Network software, either for representing, processing, visualising, or analysing networks. Ambiguous examples of such include tcherry (with accompanying JOSS paper); grapherator (with accompanying JOSS paper) which is effectively a distribution generator for data represented in a particular format; and three JSM presentations, one on network-based clustering of high-dimensional data, one on community structure in dynamic networks; and one on Gaussian graphical models.
Software for analysing categorical or qualitative data, which can not be unambiguously distinguished because many methods for dimensionality reduction, and particularly clustering methods, effectively transform data to categorical forms for subsequent (post-)processing.
Spatial software, because spatial statistics are often analogous to non-spatial statistics, yet merely differ by being bound two two orthogonal dimensions (arbitrary numbers of additional dimensions notwithstanding).

We have also prepared an interactive network diagram with nodes representing statistical terms scaled by approximate frequencies of occurrence within JOSS papers, and edges between each pair of nodes scaled according to numbers of JOSS papers which encompass those two terms or concepts. This diagram immediately illustrates the entangled nature of categorical definitions within contemporary statistical software, and provides a strong argument against attempts to distinguish sub-categories.

We nevertheless need to somehow map Method and Algorithm software onto corresponding standards, with the following checklist intended to exemplify the kinds of decisions which will likely need to be made, many in regard to one or more “reference implementations” which software authors may be requested to specify:

Efficiency: Is the software more efficient (faster, simpler, other interpretations of “efficient”) than reference implementations?
Reproducibility or Reliability: Does the software reproduce sufficiently similar results more frequently than reference implementations (or otherwise satisfy similar interpretations of reproducibility)?
Accuracy or Precision: Is the software demonstrably more accurate or precise than reference implementations?
Simplicity of Use: Is the software simpler to use than reference implementations?
Algorithmic Characteristics: Does the algorithmic implementation offer characteristics (such as greater simplicity or sensitivity) superior to reference implementations?

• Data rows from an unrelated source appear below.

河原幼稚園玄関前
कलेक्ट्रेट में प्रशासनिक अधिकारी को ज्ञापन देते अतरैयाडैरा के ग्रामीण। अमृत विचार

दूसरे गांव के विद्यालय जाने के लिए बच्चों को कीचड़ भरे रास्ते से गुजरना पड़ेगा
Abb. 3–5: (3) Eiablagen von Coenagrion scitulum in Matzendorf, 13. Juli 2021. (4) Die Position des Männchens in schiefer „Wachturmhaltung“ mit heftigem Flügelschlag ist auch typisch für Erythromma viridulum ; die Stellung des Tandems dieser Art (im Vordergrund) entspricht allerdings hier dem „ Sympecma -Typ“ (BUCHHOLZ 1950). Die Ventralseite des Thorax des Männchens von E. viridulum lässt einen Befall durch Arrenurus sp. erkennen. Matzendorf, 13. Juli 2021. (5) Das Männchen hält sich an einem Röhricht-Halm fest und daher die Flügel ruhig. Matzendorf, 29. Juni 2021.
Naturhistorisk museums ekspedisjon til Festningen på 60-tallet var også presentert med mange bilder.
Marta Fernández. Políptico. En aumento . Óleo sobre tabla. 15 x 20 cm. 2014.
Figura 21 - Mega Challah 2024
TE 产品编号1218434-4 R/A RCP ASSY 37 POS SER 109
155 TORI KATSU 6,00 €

If so, which?
Convergence: Does the software provide faster or otherwise better convergence properties than reference implementations?
Method Validity: Does the software overcome demonstrable flaws in previous (reference) implementations? If so, how?
Method Appliciability: Does the software enable a statistical method to be applied to a domain in which such application was not previously possible?
Automation Does the software automate aspects of statistical analyses which previously (in a reference implementation) required manual intervention?
Input Data: Does the software “open up” a method to input data previously unable to be treated by a particular algorithm or method?
Output Data: Does the software provide output in forms previously unavailable by reference implementations?
Reference Standards: Are there any reference standards, such as the US National Institute of Standards and Technology’s collection of reference data sets against which the software may be compared? If so, which?

Note that software which is described by any of the following categories may also directly implement statistical methods or algorithms. Any components of any software which do so can potentially be assessed against this checklist, and it may accordingly be useful to have a simple “meta” checkbox for all software:

Does this software directly implement statistical methods or algorithms?

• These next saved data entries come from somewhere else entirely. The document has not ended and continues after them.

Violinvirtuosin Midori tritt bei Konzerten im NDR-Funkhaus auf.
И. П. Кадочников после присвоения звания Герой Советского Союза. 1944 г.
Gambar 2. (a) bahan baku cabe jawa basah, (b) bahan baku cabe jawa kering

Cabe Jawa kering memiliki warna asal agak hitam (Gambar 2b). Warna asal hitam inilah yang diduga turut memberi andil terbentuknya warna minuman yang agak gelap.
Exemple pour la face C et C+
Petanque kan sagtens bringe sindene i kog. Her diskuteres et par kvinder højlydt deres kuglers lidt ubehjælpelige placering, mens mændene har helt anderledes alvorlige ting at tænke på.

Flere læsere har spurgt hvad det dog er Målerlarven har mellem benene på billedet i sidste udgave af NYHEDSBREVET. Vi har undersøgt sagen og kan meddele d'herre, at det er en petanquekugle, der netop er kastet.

Those components which do so would then be assessed in more detail with regard to a detailed checklist like the above.

Workflow

This category encompasses software which is more aimed at supporting common statistical workflows than direct analysis. The primary development effort for software in this category is presumed not to be the implementation of particular statistical methods or algorithms, rather the algorithmic support of general statistical workflows. Whereas software in the preceding category may ultimately yield one or more specific models or statistical values, workflow software generally provides more than one of the following:

Classes (whether explicit or not) for representing or processing input and output data;
Generic interfaces to multiple statistical methods or algorithms;
Homogeneous reporting of the results of a variety of methods or algorithms; and
Methods to synthesise, visualise, or otherwise collectively report on analytic results.

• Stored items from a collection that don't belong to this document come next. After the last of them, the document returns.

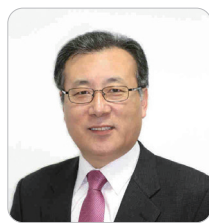
한정화 前 중소기업청 청장
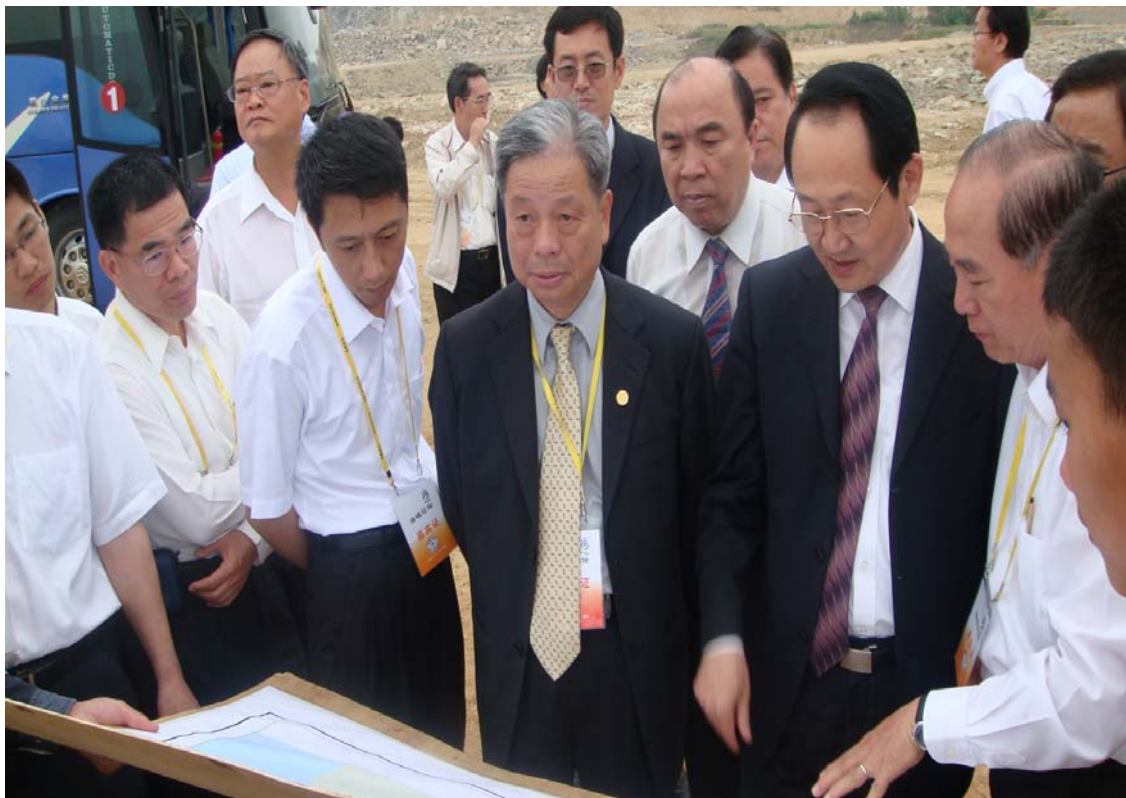
實地參訪漳州開發區聽取建設簡報
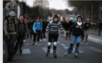
La Nocturne Lille Métropole confirme son succès (14/04/2012)
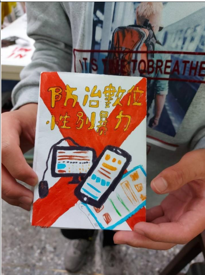
說明:性平小書製作
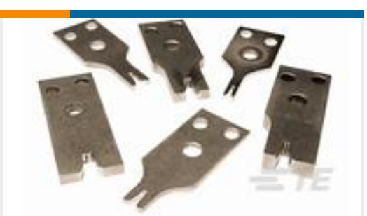
TE 产品编号1-1633860-5 CRIMPER, WIRE F
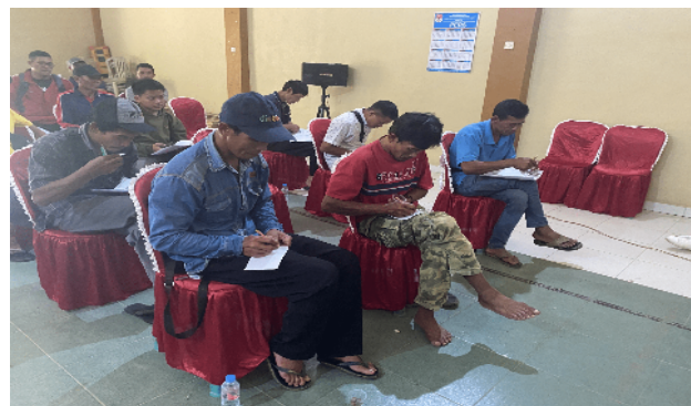
Gambar 4. Peserta melakukan tes sensori

Peserta juga diminta untuk melakukan tes sensori dari beberapa produk contoh yang sudah disiapkan sebelumnya seperti yang terlihat pada Gambar 4. Peserta akan menilai tingkat kesukaan mereka terhadap beberapa produk contoh tersebut. Pada sesi pertama tes sensori yang dilakukan diberikan tiga sampel gula aren cetak kepada peserta yaitu gula aren yang gosong, normal, dan kurang matang. Pada sesi kedua tes sensori yang dilakukan diberikan tiga sampel gula aren semut yang berbeda-beda. Hasil yang didapatkan dari tes sensori yang dilakukan adalah bahwa peserta mengetahui gula aren cetak dan gula aren semut yang layak untuk dijual berdasarkan aroma, rasa, warna, dan teksturnya.

Methods and Algorithms software may only provide a specific interface to a specific method or algorithm, although it may also be more general and offer several of the above “workflow” aspects, and so ambiguity may often arise between these two categories. We note in particular that the “workflow” node in the interactive network diagram mentioned above is very strongly connected to the “machine learning” node, generally reflecting software which attempts to unify varied interfaces to varied platforms for machine learning.

Among the numerous examples of software in this category are:

The mlr3 package (with accompanying JOSS paper), which provides, “A modern object-oriented machine learning framework in R.”
The fmcmc package (with accompanying JOSS paper), which provides a unified framework and workflow for Markov-Chain Monte Carlo analyses.
The bayestestR package (with accompanying JOSS paper) for "describing effects and their uncertainty, existence and significance within the Bayesian framework. While this packages includes its own algorithmic implementations, it is primarily intended to aid general Bayesian workflows through a unified interface.

Workflows are also commonly required and developed for specific areas of application, as exemplified by the tabular package (with accompanying JOSS article) for “Analysis, Seriation, and visualisation of Archaeological Count Data”.

Relevant standards for workflow software may be guided by consideration of items such as those in the following checklist, the first four of which in this case largely reflect the four aspects listed above which workflow software may generally provide:

Unified Data: Does the software unify previously disparate forms of data in order to enable a consistent workflow?
Unified Interface: Does the software provide a unified interface to several methods which had to previously be accessed using distinct packages and/or distinct modes of interface?
Unified Results: Does the software synthesise results which were previously only accessible in individual form?
Unified Workflow: Does the software enable a coherent workflow which was not previously possible via any single package?
Educational Workflow Does the software primarily serve an educational purpose, and do so through enabling a structured workflow that aids understanding of statistical or analytic processes?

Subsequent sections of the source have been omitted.